First dates can be stressful enough without having to worry about sending the wrong message.  With most advice geared toward personal positives, one's anxious pre-date search for answers could be better spent working on the big don'ts that burn us the fastest on our journey to a satisfying relationship. Too many times, our focus before dates is spent in front of the closet door mirror matching shoes bags and belts until we have that "finished rubix cube" moment.  While personal appearance and physical attraction are undoubtly number one when meeting with someone for the first time, as the date goes on your personality and chemistry between you and your date will be far more relevent.  This begins no no number one! Don't look like you're trying too hard!  Plan your outfit beforehand and try to portray yourself with confidence, self-respect and personality.  Sexual/physical attraction may win you one night in wonderland, but if it's your key player, you may not take home the trophy to keep.       


After you've dressed for success and your personal appearance helps sell the real you, not the bits you've paid for, conversation is the next big piece to the puzzle.  There are so many wonderful things to discuss that it may be hard to choose topics, or stay on a single thought for that matter.  The key to remember is that this is the first date! There will be lots of time to familiarize each other with all the great things that make you tick. Date don't number two, Stop babbling! Even if you're not ignorant, it's easy to come off that way.  No one enjoys being a part of a one sided fist fight and a one sided conversation is no better.  First dates are a great opportunity to do question and answer trade-offs. If the conversation seems forced or uncomfortable this could be a clear sign that you have little in common.  Ranting about your cat and how much you enjoyed your team building exercise with your office this last summer could be a real turn off. Try asking your date questions about themselves that you can relate to. From there, build on a equal conversation and don't forget to smile and laugh.  If there's nothing to say to each other after 20 minutes, you may want to rethink your list of date qualifications.

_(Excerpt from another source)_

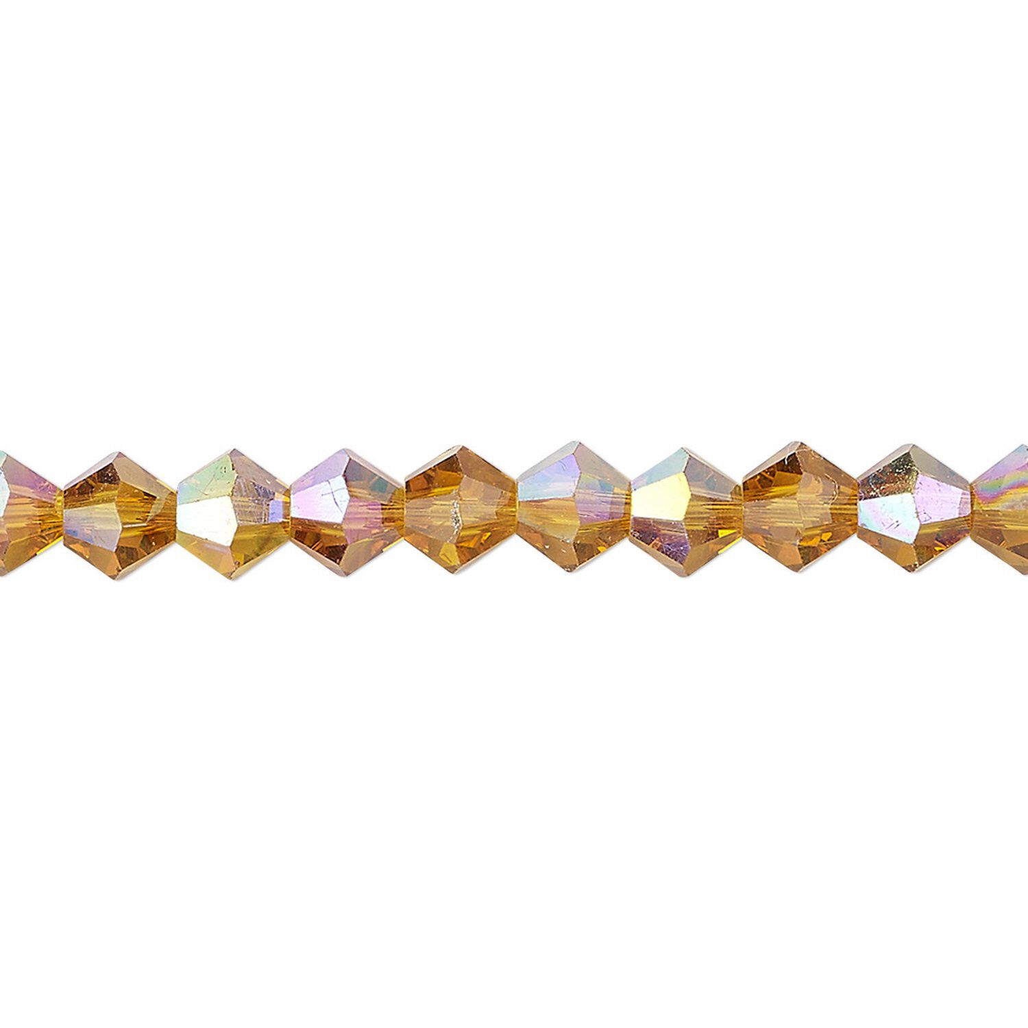 Bead 1pk transparent gold AB, Celestial Crystal® 6mm bicone 15.5-16 inch

Last on the list (but definitely not least) is honesty.  Be honest with your date, honest with yourself and most importantly, honest with heart. Date do not number three, Don't settle for the sake of having a partner! It will definitely be the hardest part of the evening but if you don't feel that "holy grail of dating" spark then don't try to force it.  Not only do you waste your date's time, but you waste your own as well. As simple as this sounds, it's the least listened to advice there is!  With so many bad relationships out there and so few people willing to end them, who knows who is being robbed of their soul mate for comfort's sake.  If you don't feel like the connection between you and your date is strong enough, gently decline their offer for a next date. 


If you follow these guidelines for dating don'ts, you can enter into a date feeling confident, powerful, beautiful and ready for anything!